### WORK REQUEST
In the entries below, find the line with "- Один этаж" and the line with "- Below, ownership of files can be seen"; reproduce those two lines and all lines between them exactly, without pictures.

##### RECORDED DATA #####

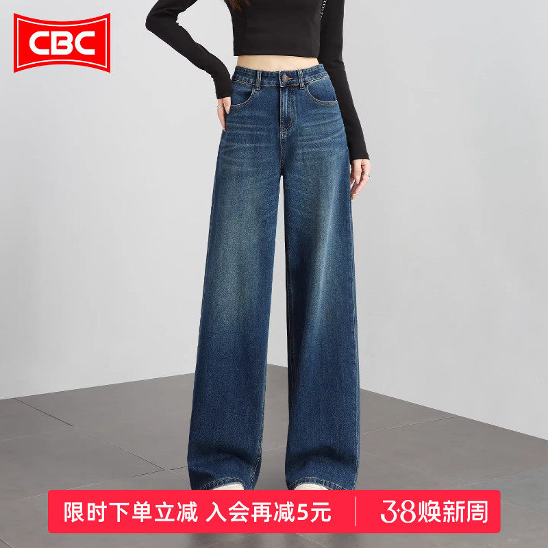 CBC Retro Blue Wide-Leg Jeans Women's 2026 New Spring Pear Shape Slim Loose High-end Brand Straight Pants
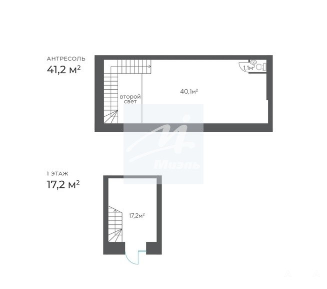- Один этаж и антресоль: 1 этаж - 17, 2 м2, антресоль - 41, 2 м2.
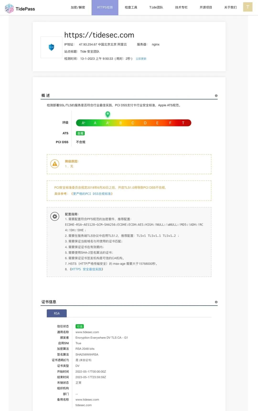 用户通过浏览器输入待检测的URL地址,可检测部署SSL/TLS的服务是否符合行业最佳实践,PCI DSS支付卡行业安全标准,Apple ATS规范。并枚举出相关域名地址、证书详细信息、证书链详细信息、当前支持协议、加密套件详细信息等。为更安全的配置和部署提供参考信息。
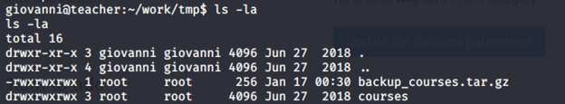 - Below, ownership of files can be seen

#####
##### RECORDED DATA #####

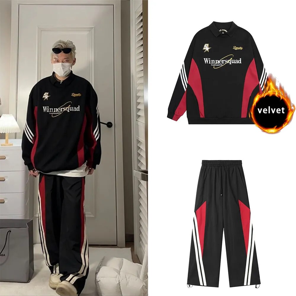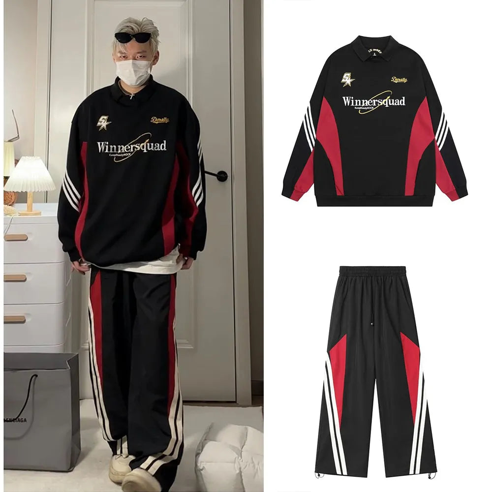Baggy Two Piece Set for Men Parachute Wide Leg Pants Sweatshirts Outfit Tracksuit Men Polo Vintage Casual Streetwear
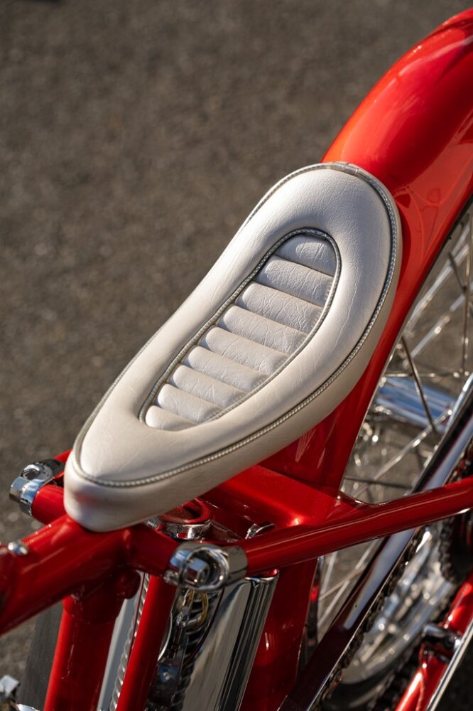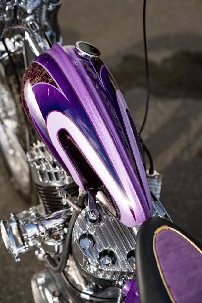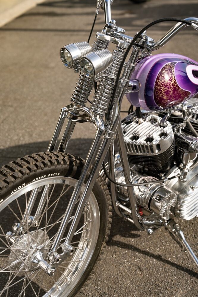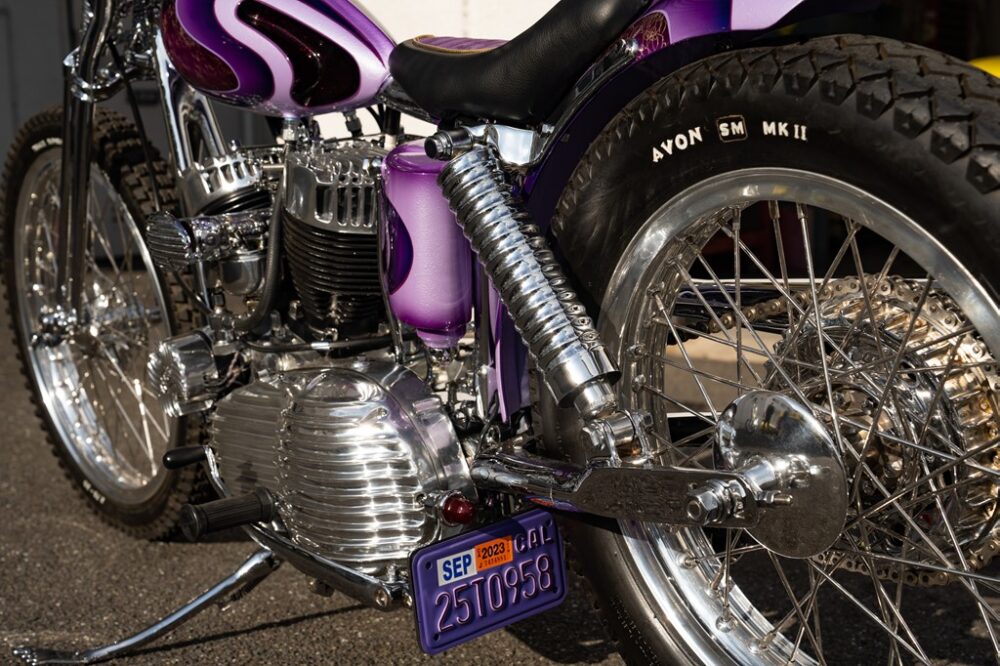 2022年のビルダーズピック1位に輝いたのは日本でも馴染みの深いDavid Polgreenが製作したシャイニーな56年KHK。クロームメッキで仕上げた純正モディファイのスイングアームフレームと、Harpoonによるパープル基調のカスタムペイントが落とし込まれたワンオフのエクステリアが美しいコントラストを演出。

#####

### SOLUTION TO THE EXERCISE
- Один этаж и антресоль: 1 этаж - 17, 2 м2, антресоль - 41, 2 м2.
 用户通过浏览器输入待检测的URL地址,可检测部署SSL/TLS的服务是否符合行业最佳实践,PCI DSS支付卡行业安全标准,Apple ATS规范。并枚举出相关域名地址、证书详细信息、证书链详细信息、当前支持协议、加密套件详细信息等。为更安全的配置和部署提供参考信息。
 - Below, ownership of files can be seen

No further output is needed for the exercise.